# Dimensionen/Maßstab des J3D universe ändern



## Shaderman (11. Nov 2005)

Hallo!

Ich (Java Anfänger) versuche mich seit einigen Tagen in J3D einzuarbeiten (was dank zahlreicher Tutorials und diesem Forum auch ganz gut klappt)  

Jetzt stehe ich vor folgendem Problem (ich hoffe ich kann es verständlich beschreiben): Ich würde gerne insgesamt mit einer größeren Maßeinheit arbeiten. Momentan ist es so, daß ich mit kleinen float Werten große Objekte erhalte (ein auf 0.5 skalierter ColorCube füllt fast das ganze 3D- Fenster aus). Ich würde jetzt gerne die Dimensionen des universe so verändern, daß ich mit größeren floats arbeiten kann so daß mein 3D- Fenster z.B. erst mit einem Kreis der einen Durchmesser von 300f hat, gefüllt ist.

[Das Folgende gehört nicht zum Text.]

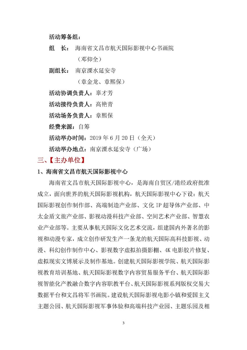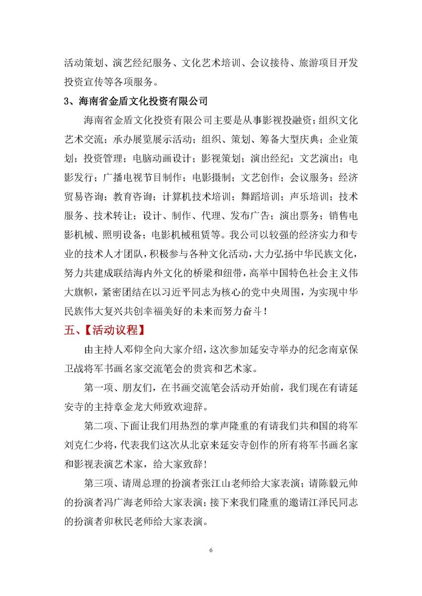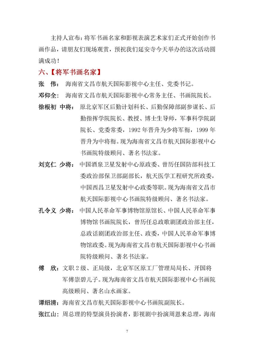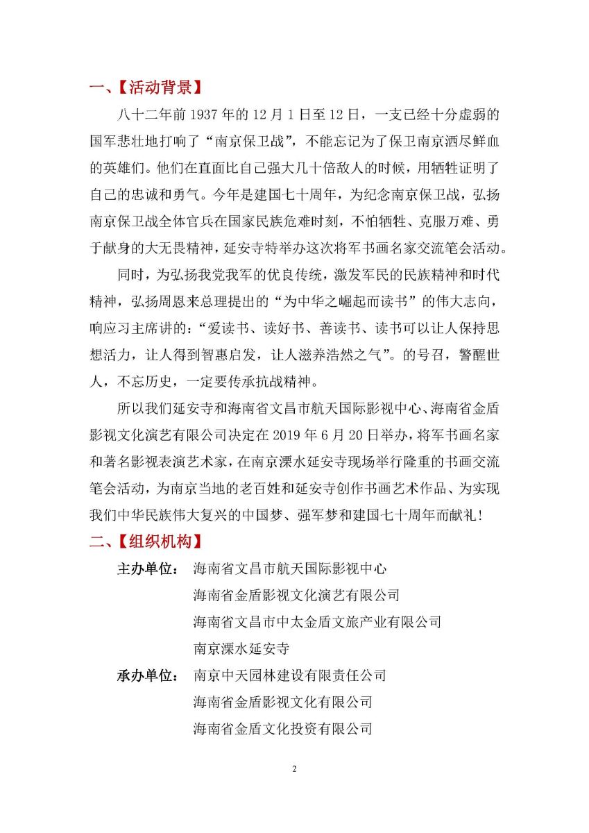 海南省文昌市航天国际影视中心、海南省金盾影视文化演艺有限公司携手延安寺决定在2019年6月20日举办,将军书画名家和著名影视表演艺术家。为纪念南京保卫战,弘扬南京保卫战全体官兵在国家民族危难时刻,不怕牺牲、克服万难、勇于献身的大无畏精神,延安寺特举办这次将军书画名家交流笔会活动。

Für ein Stichwort nach dem ich suchen könnte wäre ich sehr dankbar.

Shaderman


----------



## Illuvatar (11. Nov 2005)

Na ja du könntest ja mal View#setScreenScale probieren, wenn dir das reicht. Canvas3D hat auch die Methode getPhysicalWidth/Height, aber dazu keine setter, wobei das für dich wahrscheinlich nützlicher wäre.


----------



## Shaderman (12. Nov 2005)

Danke für Deine Antwort! View.setScreenScale ist nicht das was ich mir vorstelle. Nach langem suchen habe ich jetzt hoffentlich etwas passendes gefunden:

Transform3D.setScale(double scale).  





> Sets the scale component of the current transform; any existing scale is first factored out of the existing transform before the new scale is applied.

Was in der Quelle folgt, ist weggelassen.